Do you fund the development and/or evaluation of decision aids for patients?

The development or updating of a decision aid will be considered as part of a larger project or programme.

Do you fund the development of interventions, devices, technologies or services?

The development or adaptation of interventions can be considered as part of a larger project or programme of work. We will not fund standalone developmental studies.

Do you fund the development and/or evaluation of outcome measures, questionnaires or surveys (e.g. Patient Reported Experience/Outcome Measures)?

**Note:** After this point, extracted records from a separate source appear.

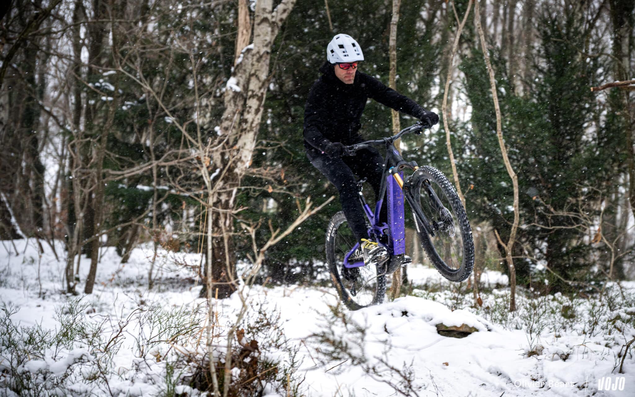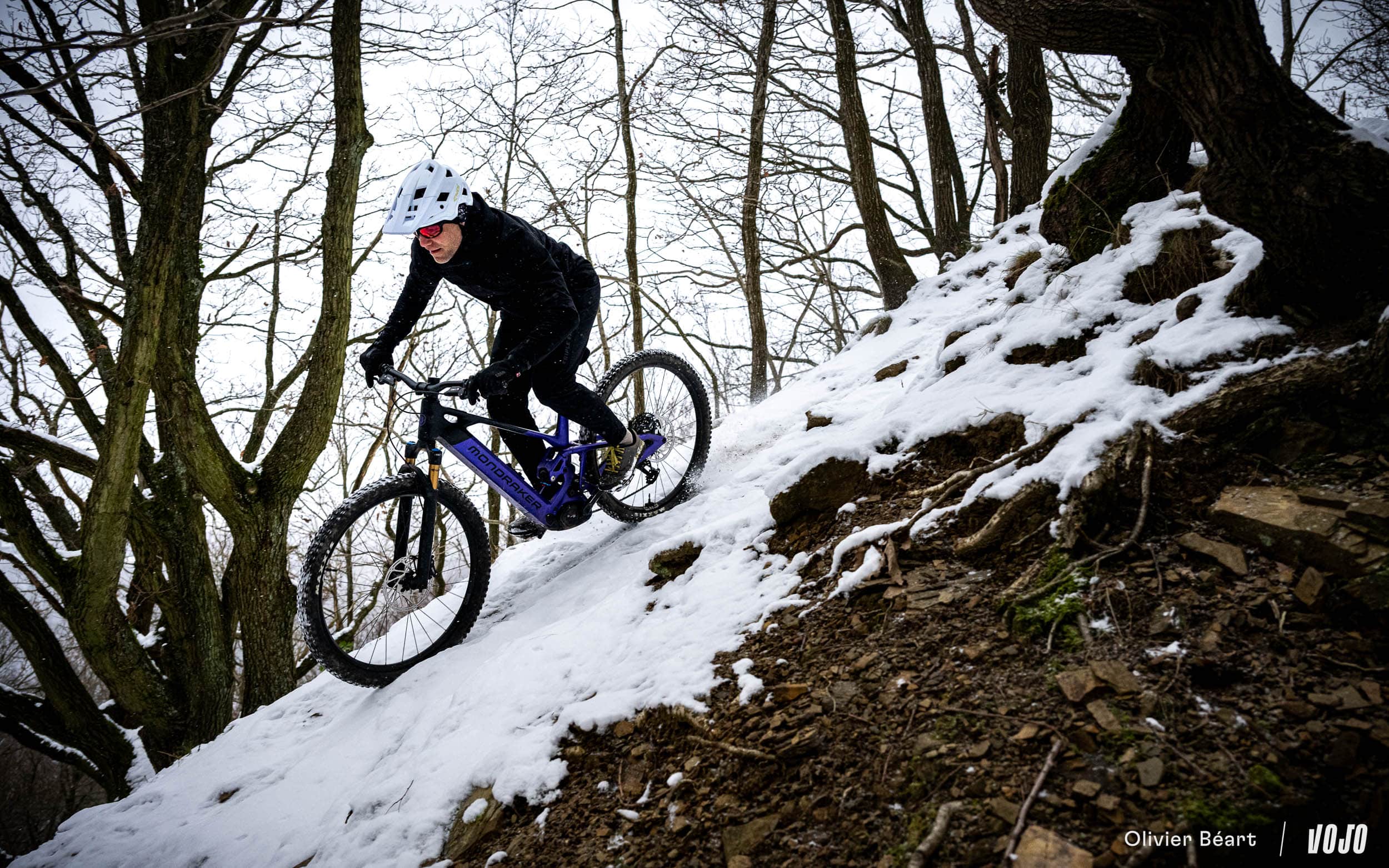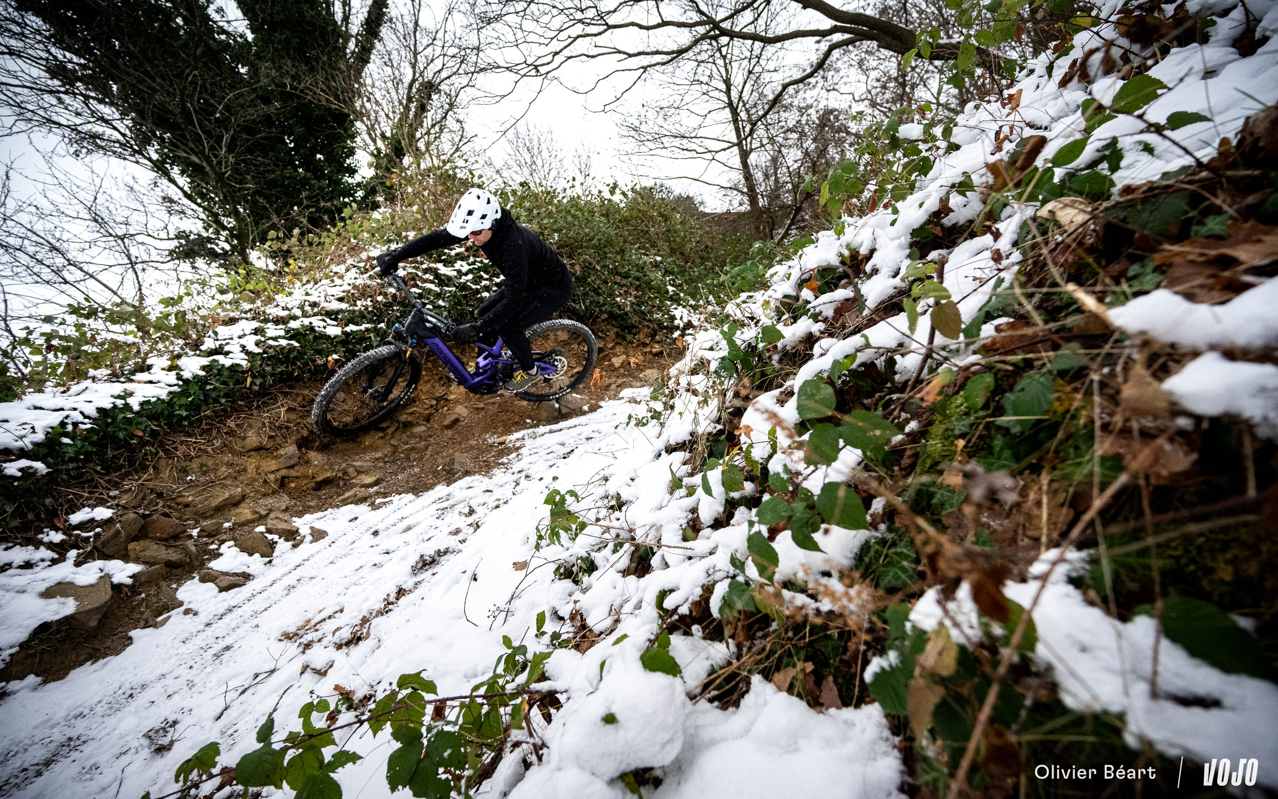 La seule grosse fausse note se situe au niveau du choix du pneu avant. Si le Maxxis Dissector est plutôt agréable à l’arrière, grâce à un bon compromis entre la traction qu’il offre et une résistance au roulement plutôt faible, il est en revanche limite dangereux à l’avant quand le sol n’est pas parfaitement sec. Heureusement, cela se change facilement et nous avons roulé la majorité de notre test hivernal avec d’autres modèles plus adaptés aux conditions humides et plus sécurisants. Par contre, nous avons trouvé les roues E13 tout à fait en phase avec le vélo et leur rigidité pas trop importante fait bien echo à celle de la fourche et du châssis.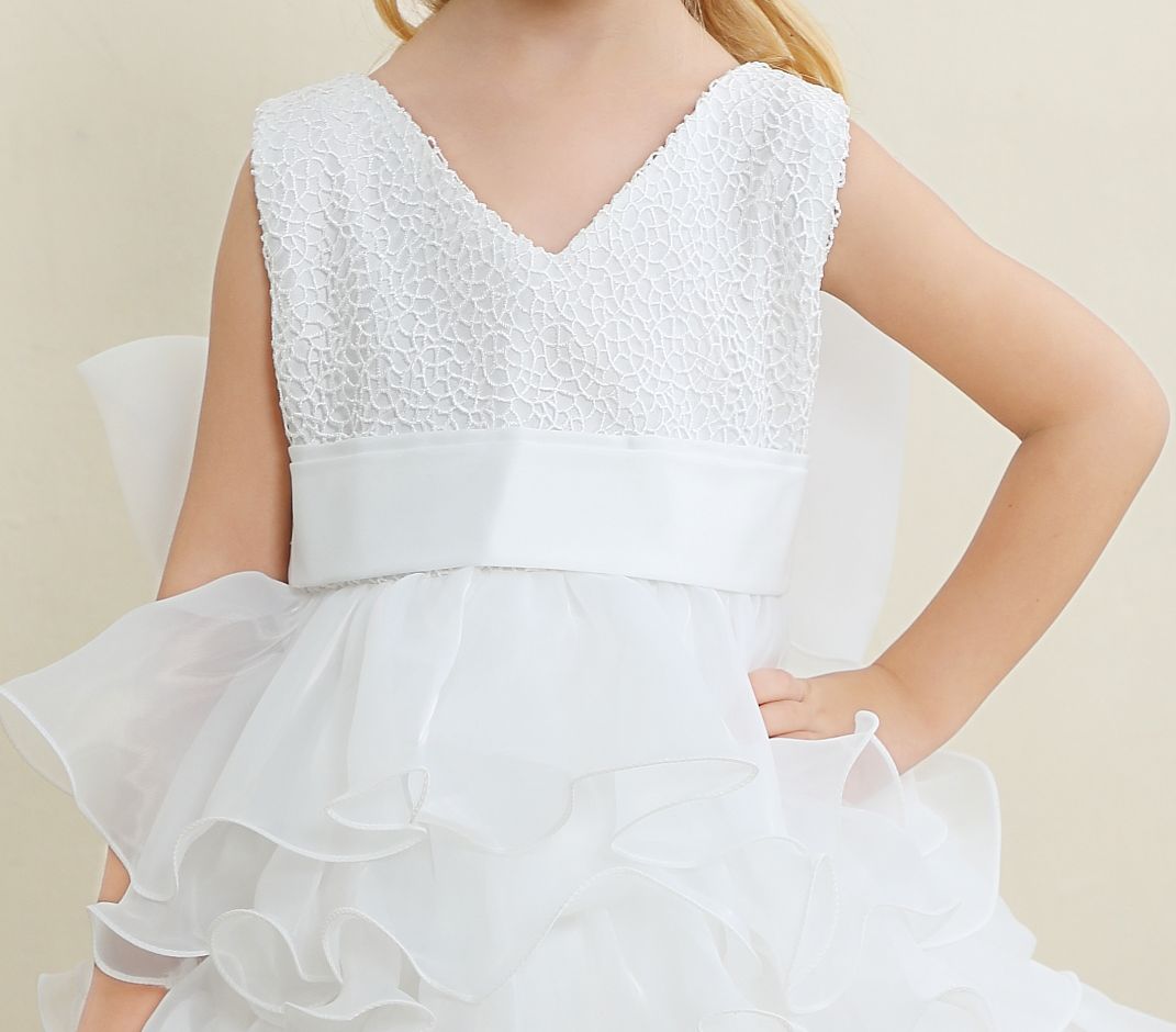 Oberteil mit hübsch unterlegten Spitzen verziert, schönes Satin-Taillenband, Reissverschluss im Rücken.
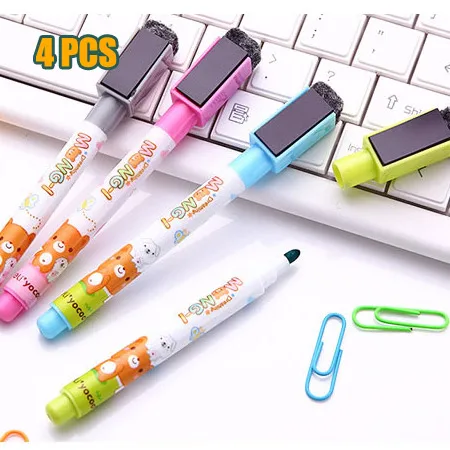 4 Pcs De Bande Dessinee Mignon Marqueur Pour Tableau Blanc Magnetique Tableau Blanc Stylo Effacable A Sec Tableau Blanc Marqueurs Stylos Aimant Construit En Gomme Aliexpress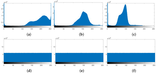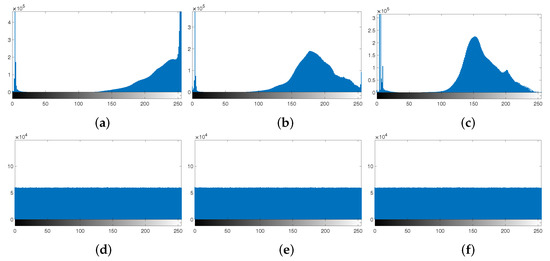 Histograms of image number 6 (healthy patient). (a) Original image, red channel. (b) Original image, green channel. (c) Original image, blue channel. (d) Encrypted image, red channel. (e) Encrypted image, green channel. (f) Encrypted image, blue channel.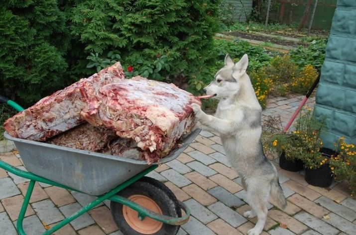 For puppies aged 6 to 12 months, during their rapid growth, meat is given based on their weight and breed. Miniature dogs, whose weight in adulthood will be no more than 10 kg, give from 0.75 to 1 kg of meat per day. Medium-sized breeds that, when grown, reach a weight of 10 to 25 kg per day, can give from 1 to 2 kg of meat. Large dogs, whose weight at a mature age reaches more than 25 kg, give from 2 to 2.5 kg of meat.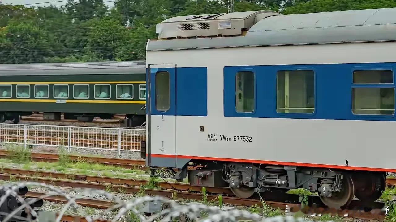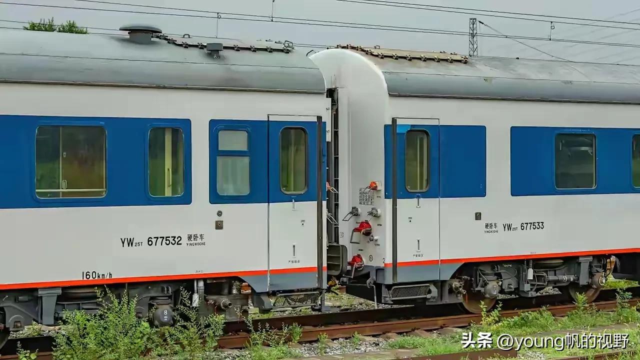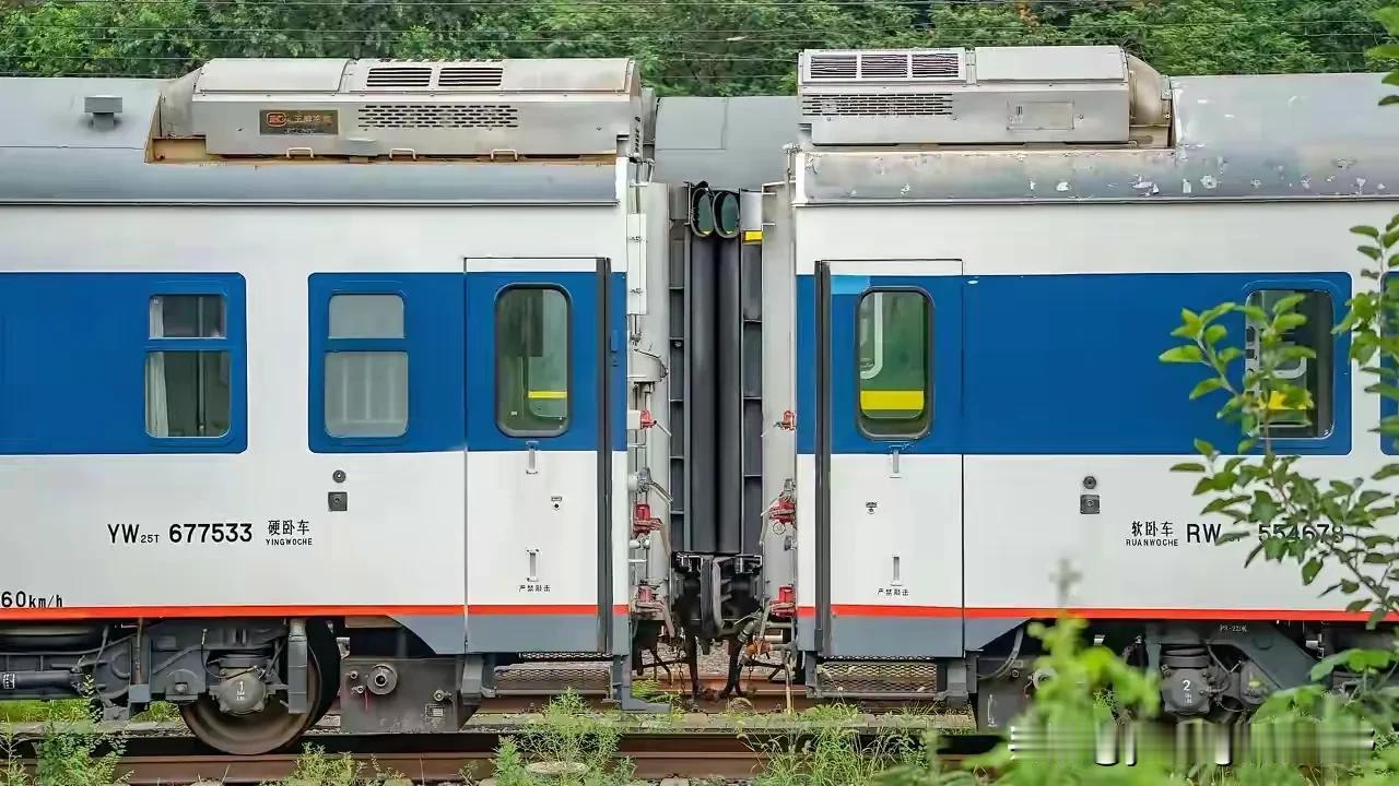 国产25T型铁路客车,目前主要用于普速列车中的Z字头直达特快,目前看起来墨绿色的车身与其他车貌似并没有什么两样。其实在原色时代,也就是客车刷绿之前,这款车是白色的车身配上蓝色的车窗色带,这种色彩搭配起来让这款车还挺显高级感的。由那时的最好的机车牵引起来,在铁路干线上跑160公里的时速,气势十足!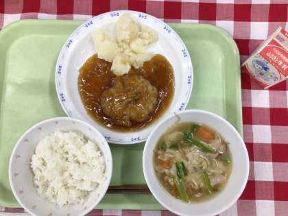 「麦ごはん、中華風ハンバーグ、粉ふき芋、わんたんスープ、牛乳」です。
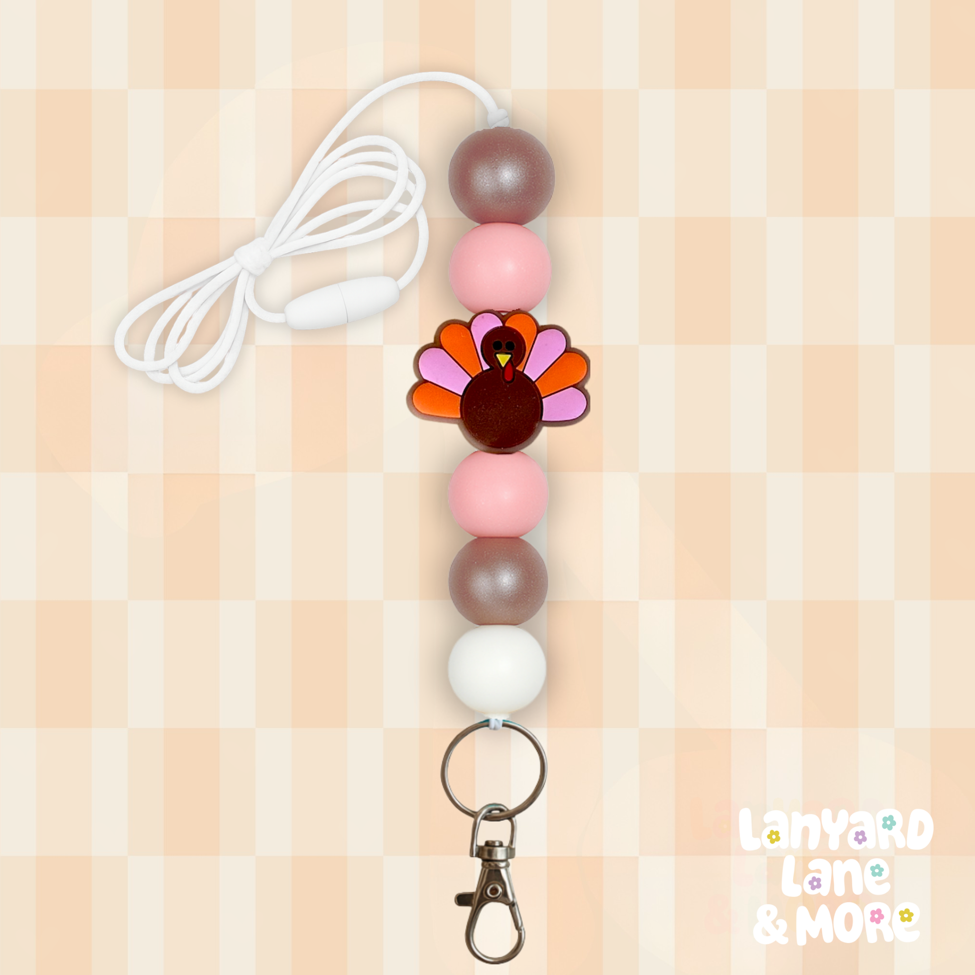 Bring the fun of fall wherever you go with our Gobble & Glow lanyard! This festive design features a cute turkey bead surrounded by warm bronze shimmer, blush pink, and creamy white tones — perfectly capturing the cozy, playful spirit of the season. Whether you’re in the classroom or on the go, this lanyard adds just the right touch of Thanksgiving cheer. 🍁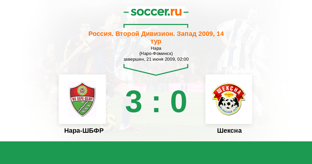 Россия. Вторая лига. Группа 2 02.06.2010 Шексна Логотип футбольный клуб Шексна (Череповец) 2:1 Логотип футбольный клуб Нара-ШБФР (Наро-Фоминск) Нара-ШБФР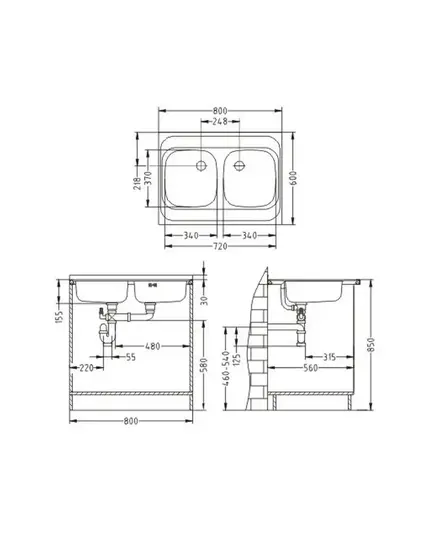 Размер мойки,мм

The development, adaptation or updating of outcome measures questionnaires or surveys can be considered as part of a larger project or programme of work.

Do you fund the development, evaluation and/or validation of models (e.g. risk factor models, health economic models etc)?

Yes – we will consider funding the development of models where there is a case for service need or patient/public benefit. There should also be an evaluation or validation aspect to the study.

Do you fund research requiring observational/applied epidemiological methods?

We fund research according to the potential for patient/public benefit rather than according to specific methodologies. We therefore fund research using a wide range of study designs including observational and applied epidemiological methods. Any study that uses observational and applied epidemiological methods should be an evaluation of an intervention itself, or have a clear, credible and articulated trajectory to further research within NIHR remits. An applied epidemiological component can also be considered as part of a larger project or programme of work.

Do you fund research that is relevant to, or takes place outside the NHS?

We fund research aimed at improving health, public health and health related social care in a broad sense; we therefore fund research to meet the needs of health services, the NHS, public health and health related social care. Proposed studies should be within the overall remit of the NIHR and outcomes measured should be health related, or there should be good evidence for a link between the outcome measured and a health outcome.

Do you fund research into workforce?

Yes. Proposed studies should be within the overall remit of the NIHR and should concern the impact on health and well-being, whether of patients, the public, or of the workforce itself.